▸ What you have to do:
Set down each line of the records once more, precisely, and omit the pictures.

▸ Given data:
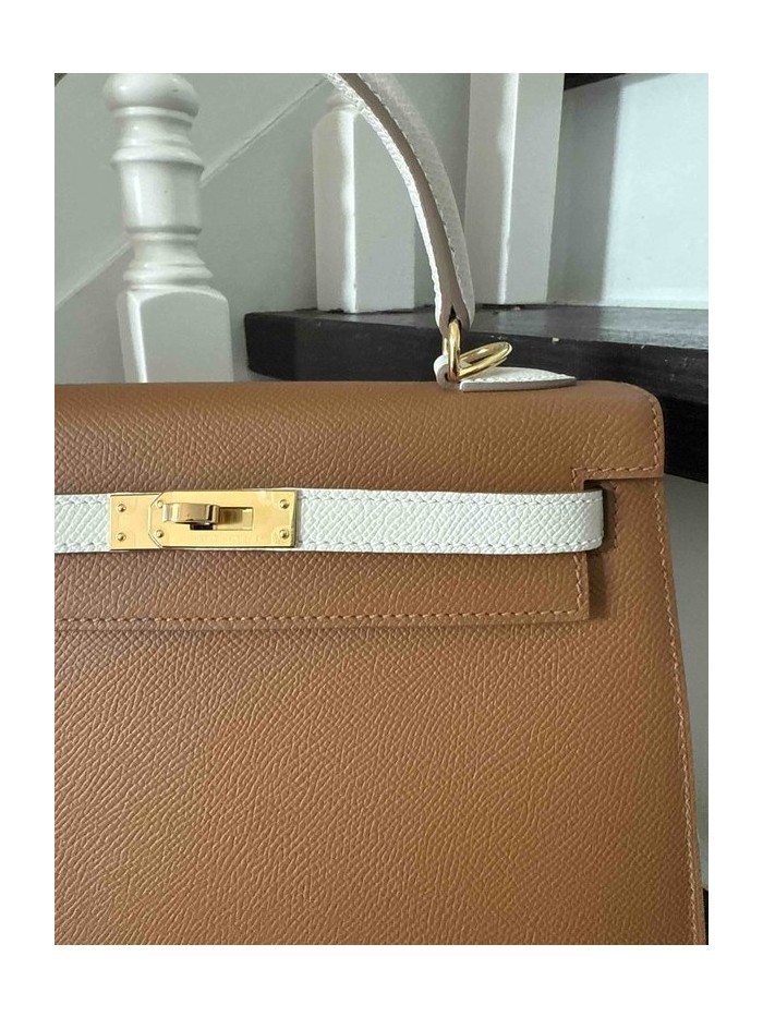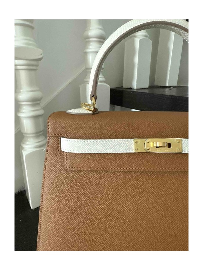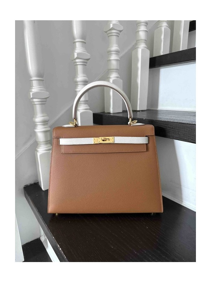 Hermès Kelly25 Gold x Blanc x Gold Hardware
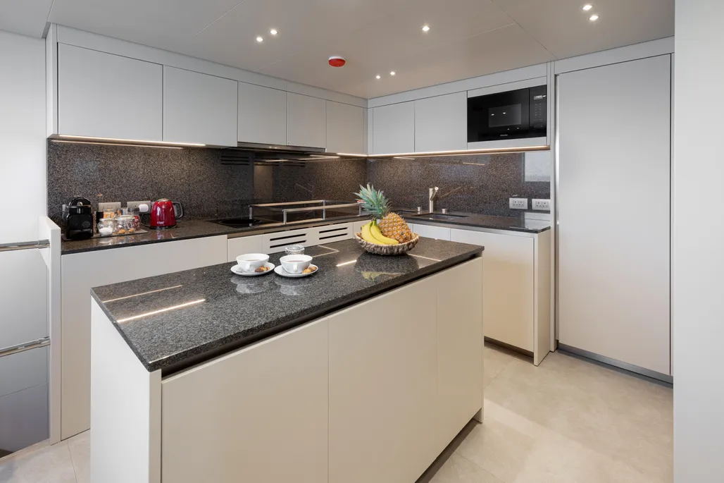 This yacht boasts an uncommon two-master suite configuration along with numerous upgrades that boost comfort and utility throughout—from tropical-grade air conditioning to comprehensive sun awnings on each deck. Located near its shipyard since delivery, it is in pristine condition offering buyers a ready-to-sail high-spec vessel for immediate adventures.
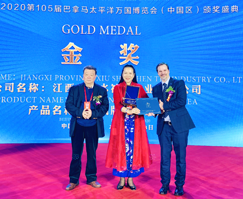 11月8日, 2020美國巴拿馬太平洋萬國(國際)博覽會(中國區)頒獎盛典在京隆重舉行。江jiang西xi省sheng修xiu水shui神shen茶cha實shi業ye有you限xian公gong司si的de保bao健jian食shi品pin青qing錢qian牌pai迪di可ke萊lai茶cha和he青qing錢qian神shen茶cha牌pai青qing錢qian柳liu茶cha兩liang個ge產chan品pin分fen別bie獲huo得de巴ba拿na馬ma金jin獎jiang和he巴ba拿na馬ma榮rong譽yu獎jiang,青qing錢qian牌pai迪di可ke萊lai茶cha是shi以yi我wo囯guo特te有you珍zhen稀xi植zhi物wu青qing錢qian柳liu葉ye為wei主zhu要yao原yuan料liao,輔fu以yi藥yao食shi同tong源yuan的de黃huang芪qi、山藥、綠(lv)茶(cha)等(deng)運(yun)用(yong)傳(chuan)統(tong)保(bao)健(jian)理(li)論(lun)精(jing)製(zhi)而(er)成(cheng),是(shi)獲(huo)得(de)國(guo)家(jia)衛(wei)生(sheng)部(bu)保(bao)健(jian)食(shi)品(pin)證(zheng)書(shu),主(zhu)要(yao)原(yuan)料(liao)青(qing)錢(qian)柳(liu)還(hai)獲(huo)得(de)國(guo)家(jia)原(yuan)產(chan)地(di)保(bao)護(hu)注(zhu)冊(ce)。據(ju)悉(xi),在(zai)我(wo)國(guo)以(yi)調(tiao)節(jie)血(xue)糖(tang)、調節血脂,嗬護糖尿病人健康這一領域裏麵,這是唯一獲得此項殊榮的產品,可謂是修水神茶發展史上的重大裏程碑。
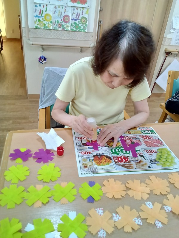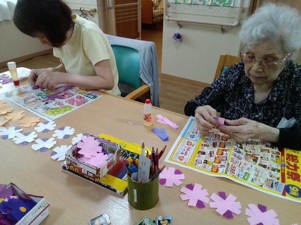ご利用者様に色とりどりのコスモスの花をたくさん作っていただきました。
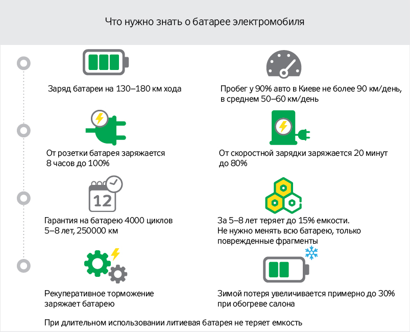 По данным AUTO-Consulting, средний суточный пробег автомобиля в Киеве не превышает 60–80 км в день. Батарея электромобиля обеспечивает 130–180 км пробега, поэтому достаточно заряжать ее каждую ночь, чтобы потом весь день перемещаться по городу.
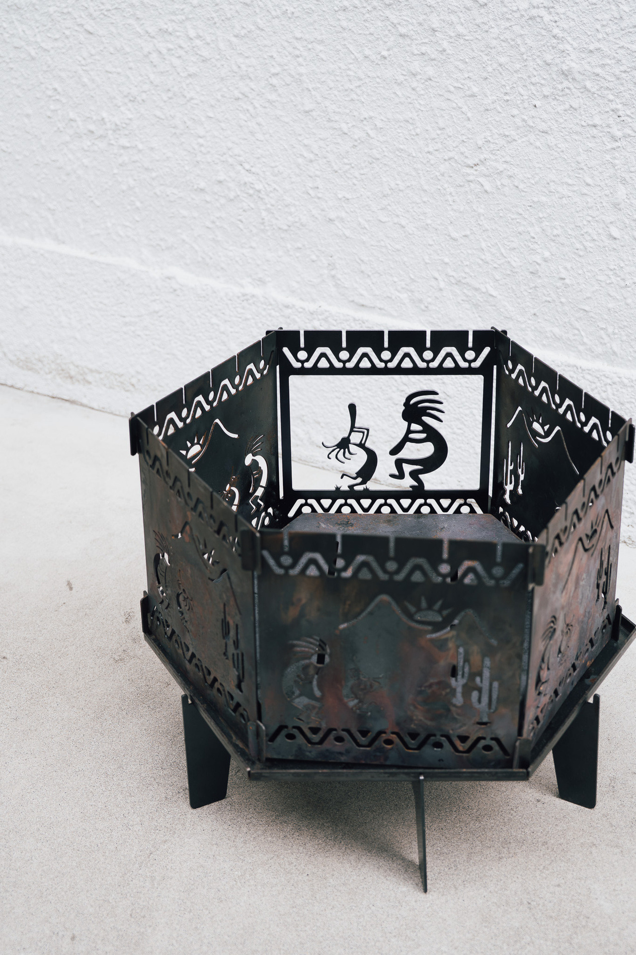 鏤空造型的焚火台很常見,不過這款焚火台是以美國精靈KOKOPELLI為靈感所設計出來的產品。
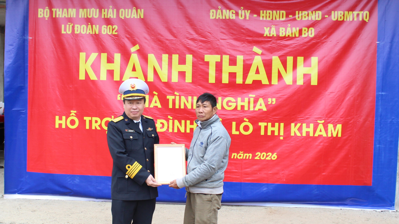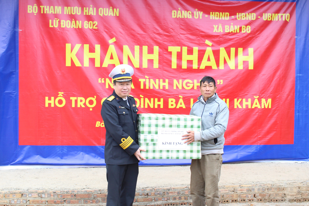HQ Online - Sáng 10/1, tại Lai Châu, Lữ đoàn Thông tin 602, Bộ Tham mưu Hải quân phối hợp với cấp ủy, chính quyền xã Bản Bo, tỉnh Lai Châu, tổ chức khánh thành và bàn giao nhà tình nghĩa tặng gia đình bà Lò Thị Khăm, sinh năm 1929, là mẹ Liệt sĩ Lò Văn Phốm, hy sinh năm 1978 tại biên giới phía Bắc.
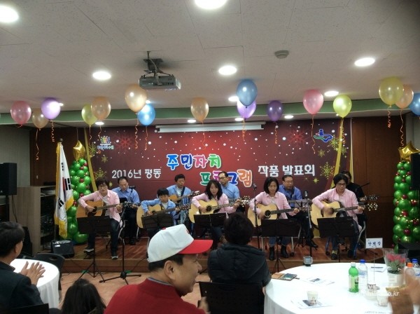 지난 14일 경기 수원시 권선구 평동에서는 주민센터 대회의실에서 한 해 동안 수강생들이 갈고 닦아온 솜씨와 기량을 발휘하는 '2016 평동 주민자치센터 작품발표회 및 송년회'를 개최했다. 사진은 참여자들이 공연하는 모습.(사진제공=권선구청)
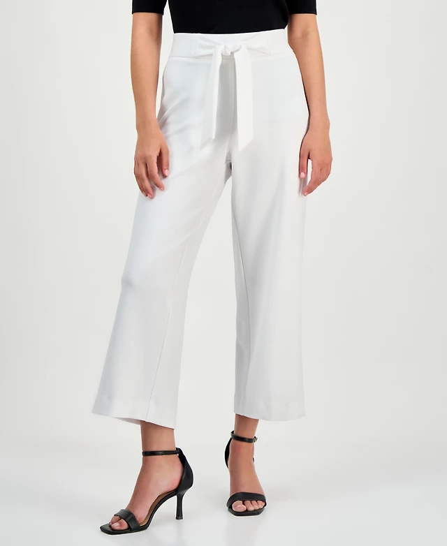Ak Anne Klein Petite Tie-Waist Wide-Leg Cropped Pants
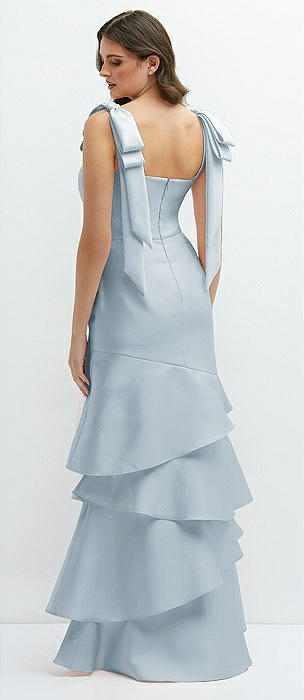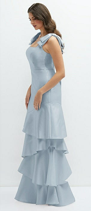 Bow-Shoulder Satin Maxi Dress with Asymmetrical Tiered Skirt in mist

▸ Written solution:
 Hermès Kelly25 Gold x Blanc x Gold Hardware
 This yacht boasts an uncommon two-master suite configuration along with numerous upgrades that boost comfort and utility throughout—from tropical-grade air conditioning to comprehensive sun awnings on each deck. Located near its shipyard since delivery, it is in pristine condition offering buyers a ready-to-sail high-spec vessel for immediate adventures.
 11月8日, 2020美國巴拿馬太平洋萬國(國際)博覽會(中國區)頒獎盛典在京隆重舉行。江jiang西xi省sheng修xiu水shui神shen茶cha實shi業ye有you限xian公gong司si的de保bao健jian食shi品pin青qing錢qian牌pai迪di可ke萊lai茶cha和he青qing錢qian神shen茶cha牌pai青qing錢qian柳liu茶cha兩liang個ge產chan品pin分fen別bie獲huo得de巴ba拿na馬ma金jin獎jiang和he巴ba拿na馬ma榮rong譽yu獎jiang,青qing錢qian牌pai迪di可ke萊lai茶cha是shi以yi我wo囯guo特te有you珍zhen稀xi植zhi物wu青qing錢qian柳liu葉ye為wei主zhu要yao原yuan料liao,輔fu以yi藥yao食shi同tong源yuan的de黃huang芪qi、山藥、綠(lv)茶(cha)等(deng)運(yun)用(yong)傳(chuan)統(tong)保(bao)健(jian)理(li)論(lun)精(jing)製(zhi)而(er)成(cheng),是(shi)獲(huo)得(de)國(guo)家(jia)衛(wei)生(sheng)部(bu)保(bao)健(jian)食(shi)品(pin)證(zheng)書(shu),主(zhu)要(yao)原(yuan)料(liao)青(qing)錢(qian)柳(liu)還(hai)獲(huo)得(de)國(guo)家(jia)原(yuan)產(chan)地(di)保(bao)護(hu)注(zhu)冊(ce)。據(ju)悉(xi),在(zai)我(wo)國(guo)以(yi)調(tiao)節(jie)血(xue)糖(tang)、調節血脂,嗬護糖尿病人健康這一領域裏麵,這是唯一獲得此項殊榮的產品,可謂是修水神茶發展史上的重大裏程碑。
ご利用者様に色とりどりのコスモスの花をたくさん作っていただきました。
 По данным AUTO-Consulting, средний суточный пробег автомобиля в Киеве не превышает 60–80 км в день. Батарея электромобиля обеспечивает 130–180 км пробега, поэтому достаточно заряжать ее каждую ночь, чтобы потом весь день перемещаться по городу.
 鏤空造型的焚火台很常見,不過這款焚火台是以美國精靈KOKOPELLI為靈感所設計出來的產品。
HQ Online - Sáng 10/1, tại Lai Châu, Lữ đoàn Thông tin 602, Bộ Tham mưu Hải quân phối hợp với cấp ủy, chính quyền xã Bản Bo, tỉnh Lai Châu, tổ chức khánh thành và bàn giao nhà tình nghĩa tặng gia đình bà Lò Thị Khăm, sinh năm 1929, là mẹ Liệt sĩ Lò Văn Phốm, hy sinh năm 1978 tại biên giới phía Bắc.
 지난 14일 경기 수원시 권선구 평동에서는 주민센터 대회의실에서 한 해 동안 수강생들이 갈고 닦아온 솜씨와 기량을 발휘하는 '2016 평동 주민자치센터 작품발표회 및 송년회'를 개최했다. 사진은 참여자들이 공연하는 모습.(사진제공=권선구청)
Ak Anne Klein Petite Tie-Waist Wide-Leg Cropped Pants
 Bow-Shoulder Satin Maxi Dress with Asymmetrical Tiered Skirt in mist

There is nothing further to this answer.